The relationship between two marginal party leaders Liz Gunn and Sue Grey seems to have fractured as they face off in a West Coast-Tasman electorate turf war, according to a report.
Grey is the co-leader of the Outdoors and Freedom Party and Gunn is the leader of the NZ Loyal Party.
Many know the two women as anti-vaccination activists who worked together last year in the controversial 'Baby W' case, where they defended the couple of the infant.
The parents had refused life-saving treatment for their four-month-old child if the doctors couldn't guarantee the blood transfusions wouldn't be from people who might have had the Pfizer COVID-19 vaccine.
Grey was the family's lawyer and Gunn was in support of the parents' decision.
The judge eventually ordered the baby should be turned to a doctor's care and go ahead with the open-heart surgery.
Since then, according to The Westport News, the relationship between Grey and Gunn appears to have started to fracture.

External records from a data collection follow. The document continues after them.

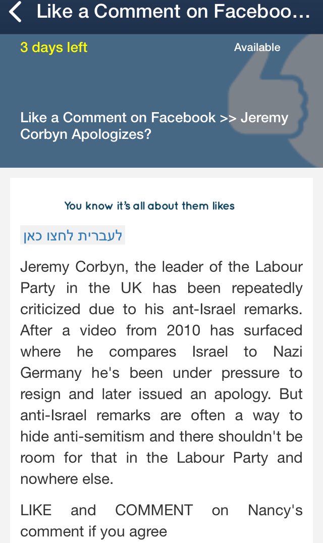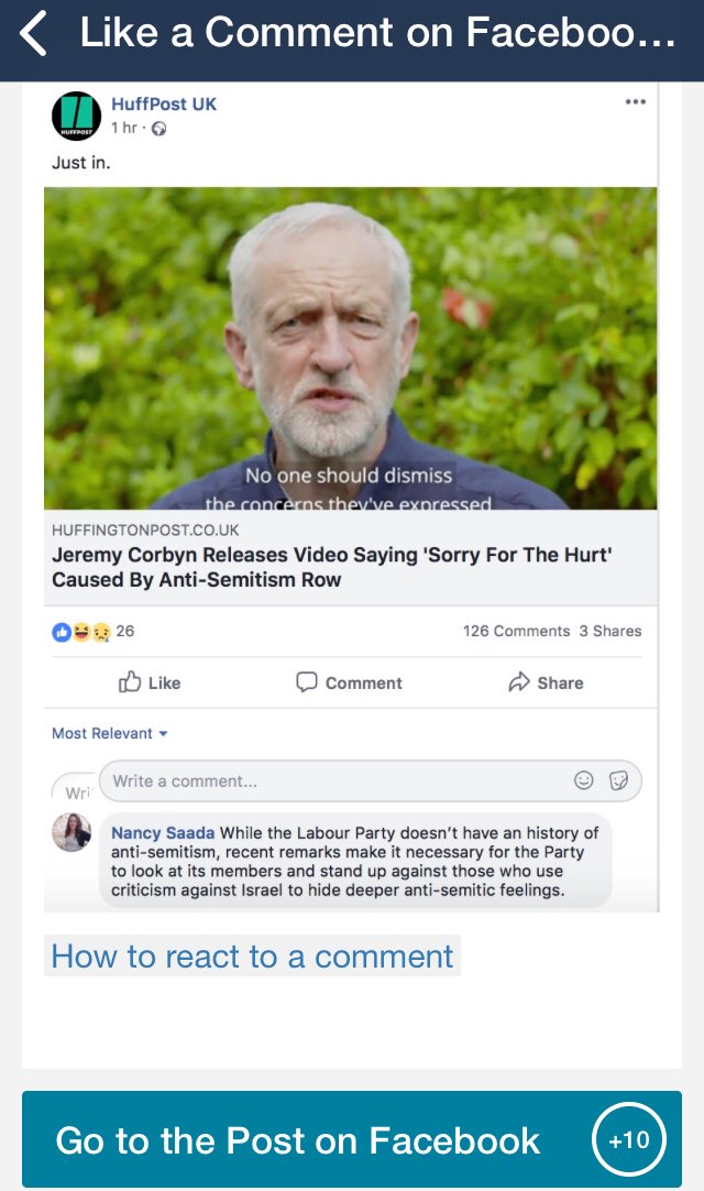 Here, for example, activists are urged to like a specific comment left beneath a Huffington Post article on the anti-Semitism controversy within the British Labour party.
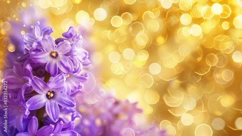 Beautiful purple hyacinth flowers close up with a golden bokeh background
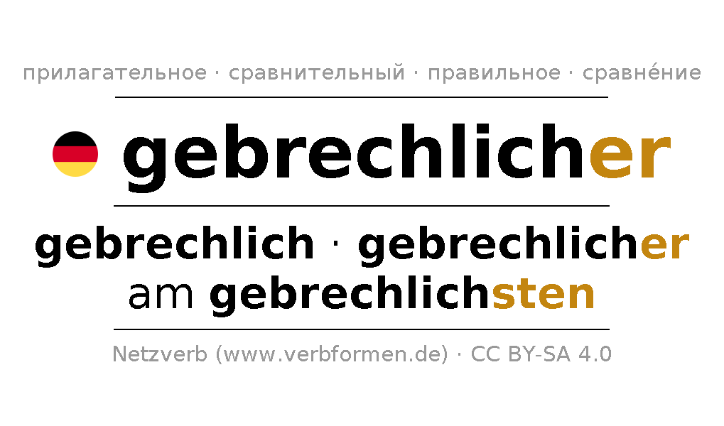 Прилагательное склоняется gebrechlicher (слабый, хрупкий) и в степенях сравнения gebrechlich,gebrechlicher,am gebrechlichsten . Формы сравнительной и превосходной степеней прилагательного имеют следующие суффиксы er/sten. Прилагательное gebrechlicher может употребляться как в качестве определения перед существительным (с артиклем и без него, в формах сильного, слабого и смешанного склонений), так и в качестве именной части сказуемого в сочетании с глаголом.Можно не только отразить и сравнить gebrechlicher, но и все немецкие прилагательные. Kомментарии ☆
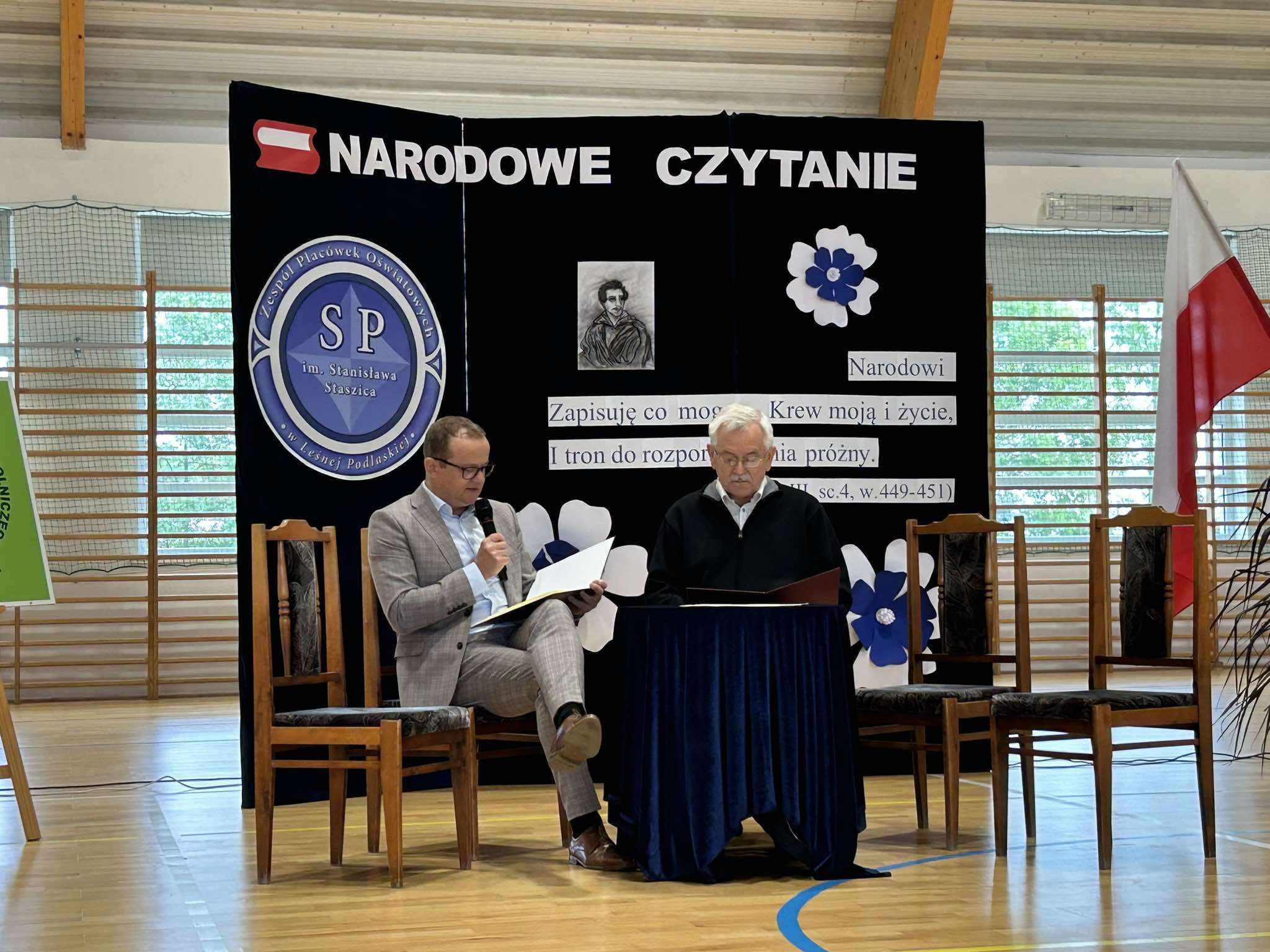 Narodowe Czytanie to ogólnopolska akcja promująca polską literaturę, zapoczątkowana w 2012 roku przez prezydenta Bronisława Komorowskiego. W 2024 roku, podczas trzynastej edycji, czytano dramat Juliusza Słowackiego „Kordian”. Wydarzenie w Leśnej Podlaskiej zorganizowali dyrektorzy miejscowych szkół: Małgorzata Adach i Radosław Klekot. Fragmenty dzieła odczytali m.in. Wójt Gminy Paweł Kazimierski, lokalni przedstawiciele samorządu, nauczyciele oraz uczniowie. Uroczystość miała na celu wspólne odkrywanie arcydzieła polskiego romantyzmu.
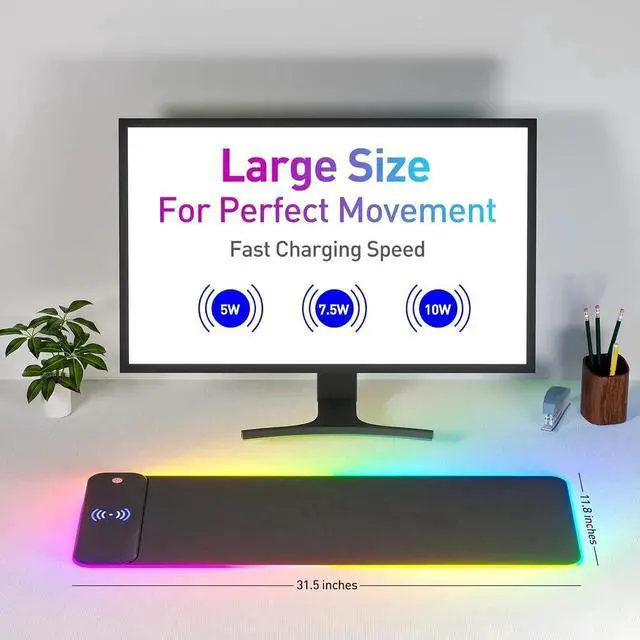 Easy to use: This extended mouse pad has a button to control the lighting. Press once to change the color you like, press twice quickly to change the brightness, press and hold for about 3 seconds to turn on/off. The mouse pad is powered by USB, plug and play, no driver required.
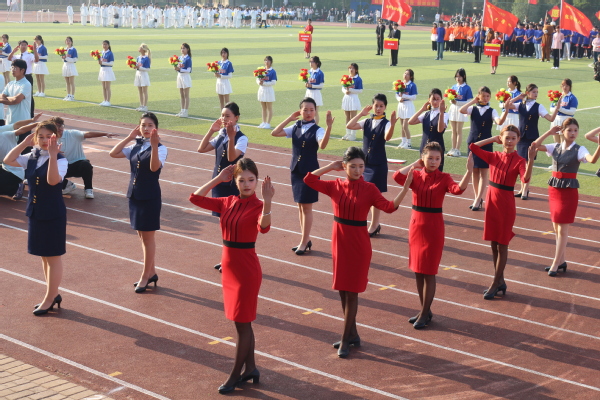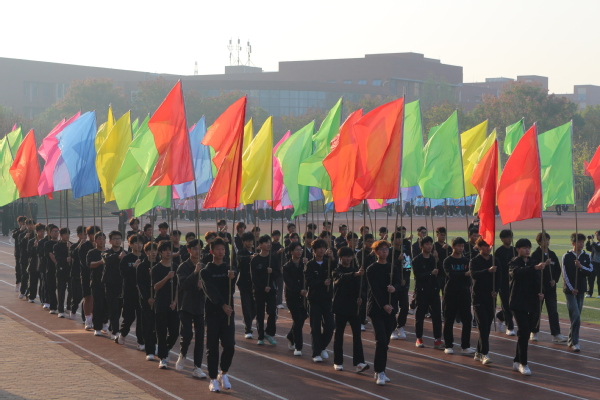 踏着青春的步伐,伴着激昂的旋律,入场仪式正式开始。国旗方阵、校旗方阵、花束方阵、彩旗方阵和各学部(学院)方阵依次走过主席台。他们朝气蓬勃、意气风发,充满着青春的激情;他们的口号热情洋溢、铿锵有力,洋溢着青春的自信。在展示环节,他们以自己的才艺,显示着绚丽的文化和多彩的生活。随后,进行了升国旗仪式。
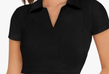 Private Label Black Collared Vneck Crop top for Women size xxl
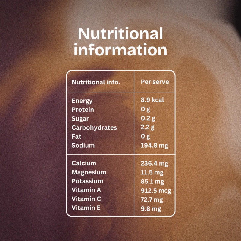 | Nutrition (per sachet) | Energy: 8.9 kcal Protein: 0 g Sugar: 0.2 g Carbohydrates: 2.2 g Fat: 0 g Sodium: 194.8 mg Calcium: 236.4 mg Magnesium: 11.5 mg Potassium: 85.1 mg Vitamin A: 912.5 mcg Vitamin C: 72.7 mg Vitamin E: 9.8 mg |
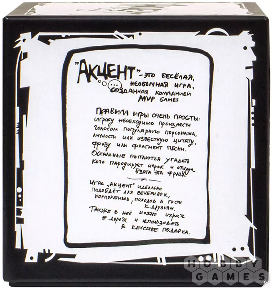 "Акцент" – это весёлая настольная игра, которая проверит ваше актёрское и ораторское мастерство. Игра создана тремя талантливыми отечественными разработчиками и до краёв наполнена отсылками к популярной культуре.
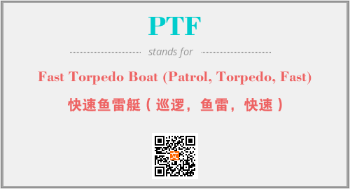 上述内容是“Fast Torpedo Boat (Patrol, Torpedo, Fast)”作为“PTF”的缩写,解释为“快速鱼雷艇(巡逻,鱼雷,快速)”时的信息,以及英文缩略词PTF所代表的英文单词,其对应的中文拼音、详细解释以及在英文中的流行度和相关分类、应用领域及应用示例等。
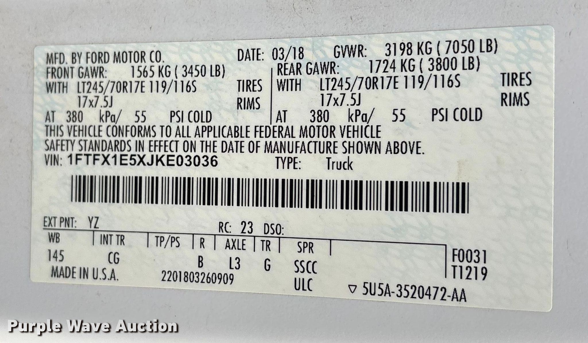 - VIN: 1FTFX1E5XJKE03036
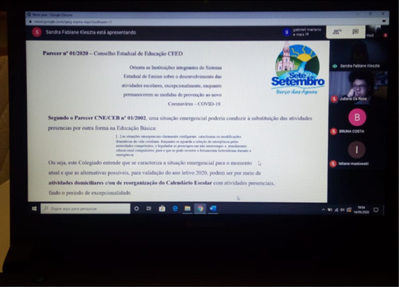 No início do mês de maio do ano letivo de 2020 a Secretaria Municipal de Educação, Desporto, Cultura e Turismo de Sete de Setembro, na pessoa do Secretário Municipal de Educação Sr. Hélio Ademar Wochniski, recebeu uma ligação telefônica da professora Universitária Karine Rudek, a qual é docente na FASA (Faculdade Santo Ângelo) convidando o município para estabelecer uma parceria no âmbito educacional tendo em vista a pandemia do COVID-19 e a suspensão das aulas presenciais. Segundo a docente universitária, a metodologia de ensino adotada pela rede municipal de ensino de Sete de Setembro é interessante e chamou a atenção das acadêmicas da Pedagogia da Fasa, as quais acompanham as atividades através das redes sociais. Na oportunidade, o secretário aderiu à proposta e convidou a coordenadora pedagógica Sandra Fabiane Kleszta, responsável pelo pedagógico da secretaria para apresentar o relatório e as atividades realizadas nas três escolas da rede municipal de ensino de nosso município: Emei Primeiros Passos, EMEF Sargento Pedro Krinski e EMEF Gaúcha, as quais desenvolveram as AULAS PROGRAMADAS, seguindo a proposta da rede estadual de ensino, pois como o município não possui sistema próprio de ensino, o mesmo passa a compor com o estado, o sistema único de ensino. Em conversa com a professora responsável pelo componente curricular, neste período letivo as acadêmicas estariam visitando as escolas para conhecer a prática e a realidade da sala de aula. Tendo em vista a suspensão das aulas presenciais e as escolas fechadas, a mesma buscou trazer para a aula a “escola” visto que as acadêmicas encontram-se impossibilitas nesse momento de visitar os espaços escolares. Utilizando a tecnologia como recurso pedagógico na data de 14 de maio de 2020 (quinta-feira à noite) no período da aula de Currículo e Escola, a qual é de responsabilidade da professora Karine Rudek, a professora Sandra Fabiane Kleszta participou da aula apresentando as atividades desenvolvidas nesse período de suspensão das aulas presenciais, bem como toda a legalidade que segue. Agradecemos a oportunidade e parabenizamos a FASA e seus docentes, por tão importante iniciativa, visando diminuir os prejuízos na aprendizagem no ensino superior. Colocamo-nos a disposição para compartilhar e acolher ideias em prol da qualidade da educação em Sete de Setembro.
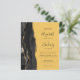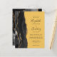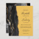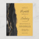 The left-hand edge of this elegant modern wedding invitation features a black watercolor agate border trimmed with faux gold glitter. The customisable text combines off-black handwriting, copperplate and italic fonts on a yellow background. The reverse side features a matching black and gold agate design.
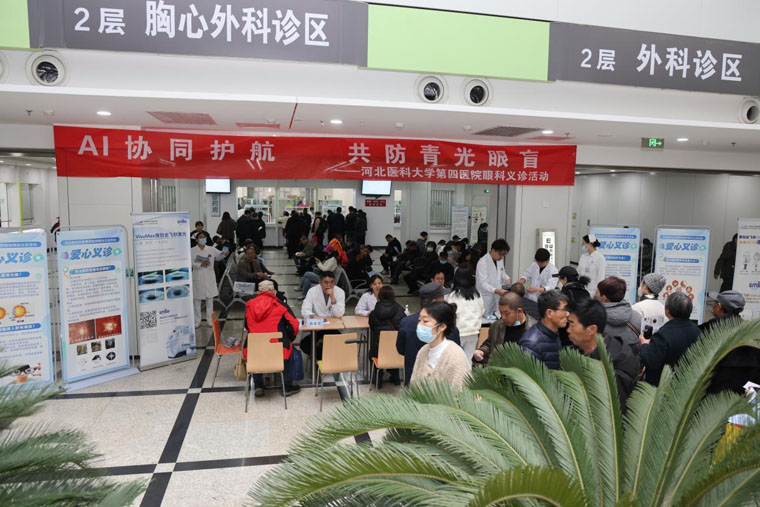 为响应第18个世界青光眼周号召,提升公众眼病防治意识,3月14日,眼科在本部门诊大厅举办了“AI协同护航 共防青光眼盲”主题义诊活动。本次活动集科普宣教、专业筛查、专家问诊于一体,累计服务群众200余人次,发放科普资料200余份,为高危人群搭建了便捷的眼健康“绿色通道”。
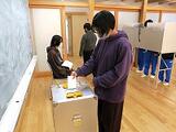 立会演説会が終わるとすぐに投票です。市の選挙管理委員会からお借りした本物の記載台と投票箱を使って、本物の選挙さながら(これも本物の選挙ですが)の投票にみんな気を引き締めて中里小中のリーダーを選びました。開票は明日です。

Grey had slammed Gunn after hearing she made hints and allegations about her at a meeting in Westport on Friday in front of about 60 people.
Gunn told the crowd she had "deeply trusted" Grey until Alan Simmons, the president of her Outdoors and Freedom Party, "completely, viciously attacked" her, The Westport News reported.
Speaking to the newspaper on Wednesday, Grey said she was shocked to hear Gunn had publicly bagged her.
"I did work very constructively with Liz during the 'Baby W' case and I went and supported her when she was facing charges by the police, [I] went to Auckland," she said.
She told The News she was also "extremely surprised and disappointed" when Gunn decided to stand a candidate against her.
Grey, who is Freedoms NZ's West Coast-Tasman candidate, described Gunn's motives as more "spiteful" than "public interest".
Freedoms NZ is a merger party between Grey's Outdoors and Freedom and Brian Tamaki's Vision NZ.
Gunn, a former broadcaster, was filmed at a meeting in Palmerston North recently asking her supporters to help her account for the 1.5-2 million votes she was expecting.
In the most recent Newshub-Reid Research poll, NZ Loyal had 1.4 percent, while Freedoms NZ didn't register above 1 percent.